• Application Note

A Comparative Study Using Preparative Reverse Phase Liquid Chromatography and Supercritical Fluid Chromatography of Impurities from a Stressed Pharmaceutical Drug Substance

A Comparative Study Using Preparative Reverse Phase Liquid Chromatography and Supercritical Fluid Chromatography of Impurities from a Stressed Pharmaceutical Drug Substance

  • Janet Hammond
  • Russell J. Mortishire-Smith
  • Jayne Kirk
  • Christopher Howson
  • Waters Corporation
  • Syngenta UK Ltd Jealott’s Hill International Research Centre
  • BioHub/Waters Open Access Laboratory Alderley Park

Abstract

This application note compares the use of both preparative RPLC and SFC techniques, discussing the scaling process from the analytical to preparative columns while illustrating the efficiency gains when using preparative SFC to isolate the impurities.

Benefits

  • ACQUITY UPC2 System results in improved resolution and a more desirable elution order of impurities, resulting in higher purity components with maximum yields
  • Integration with the ACQUITY QDa Mass Detector maximizes productivity
  • The SFC approach enables the purification to be completed in a time of two hours compared to 12.5 hours for the RP approach and used less than 63% of the solvent
  • The Investigator SFC System is a versatile, cost effective system for pharmaceutical laboratories routinely performing achiral analysis and small scale purification
  • The workflow is ideal for the pharmaceutical industry where there is increased pressure to reduce of drug development process timelines
  • ACQUITY UPC2 System avoids the use of non-volatile solvents that require extensive drying down

Introduction

In the pharmaceutical industry, rapid preparative isolation is required for a number of reasons.

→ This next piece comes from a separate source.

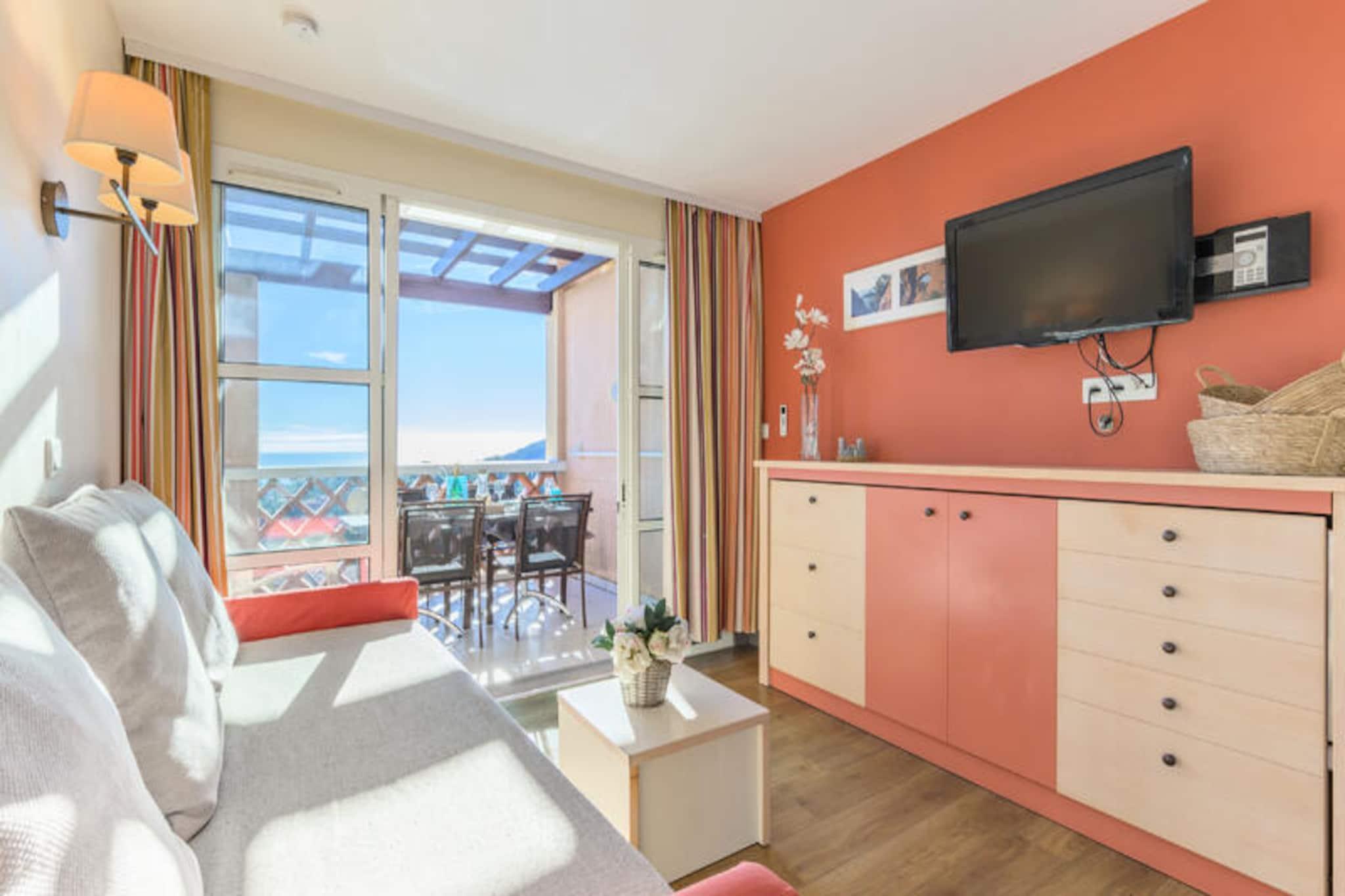 Denne charmerende 36 m² store ferielejlighed, beliggende på første sal, har en hyggelig stue med en sovesofa og en enkeltseng, ideel til en familie eller en lille gruppe. Soveværelset har en komfortabel dobbeltseng, mens kabineområdet med dør indeholder to køjesenge. Kæledyr er tilladt, og trådløs internetadgang er tilgængelig mod et ekstra gebyr. Til lejligheden hører også en parkeringsplads for bekvemmelighed. Lejligheden ligger mindre end 500 meter fra den nærmeste strand og er omgivet af livlige butikker, caféer og restauranter, alle inden for 100 meter. Gæsterne kan nyde nem adgang til lokale aktiviteter, hvilket gør det til et ideelt sted for både afslapning og eventyr. Placeringen tilbyder også en lille tog-service, der giver hurtig adgang til nærliggende attraktioner som Agay Bay og Dramont-stranden. Ejendommen har et fuldt udstyret køkken i amerikansk stil med et spisebord og seks stole. Det omfatter også to badeværelser, det ene med bruser og det andet med badekar, begge med elektriske håndklædetørrere. Lejligheden har en balkon med udsigt over landsbyen og en terrasse med havudsigt, perfekt til udendørs afslapning. Yderligere faciliteter omfatter en vaskemaskine og en opvaskemaskine for ekstra bekvemmelighed.

These range from the use of chromatographic markers for the purpose of structure elucidation, for determination of relative response factors, and for reference standards. Current regulatory requirements on the control of impurities and degradation products in drug substances and drug product, dictate that for impurities at levels greater than 0.1%, unambiguous characterization is required.1 Modern, sophisticated, spectral hyphenated techniques, such as liquid chromatography mass spectrometry (LC-MS), liquid chromatography mass spectrometry-mass spectrometry (LC-MS/MS), and liquid chromatography nuclear magnetic resonance (LC-NMR), are already being extensively used by the industry, but in many instances, these techniques in isolation are not successful and an extra purification step is required to isolate the impurities for subsequent unambiguous characterization.2

Supercritical fluid chromatography (SFC) is a normal-phase chromatographic technique which found its place early in its development with chiral separations. In recent years, the improved quality of available hardware has led to a wider uptake of the technology for achiral separation applications, and has replaced reverse phase liquid chromatography (RPLC) separation techniques for the resolution of closely related species within the pharmaceutical and life science industries.3

The use of a super critical gas in chromatography, typically carbon dioxide due to the easily achievable conditions required to reach its critical point, (74 bar pressure and >32 °C temperature) offers several key benefits. Once above the critical point the liquid and gas phases are no longer distinct, meaning the super critical phase has solubilizing properties which are similar to a liquid with gas-like diffusivity. This translates chromatographically to lower back-pressures, allowing the use of higher flow rates, resulting in quicker analysis and more efficient chromatographic separations. SFC has also been praised as a ‘green’ separation technique eliminating the need for organic solvents such as heptane and hexane. Typical co-solvents used in SFC are alcohols (methanol, ethanol, or isopropanol) which are seen as a preferred solvent of choice because they are recognized by most as green chemistry initiatives.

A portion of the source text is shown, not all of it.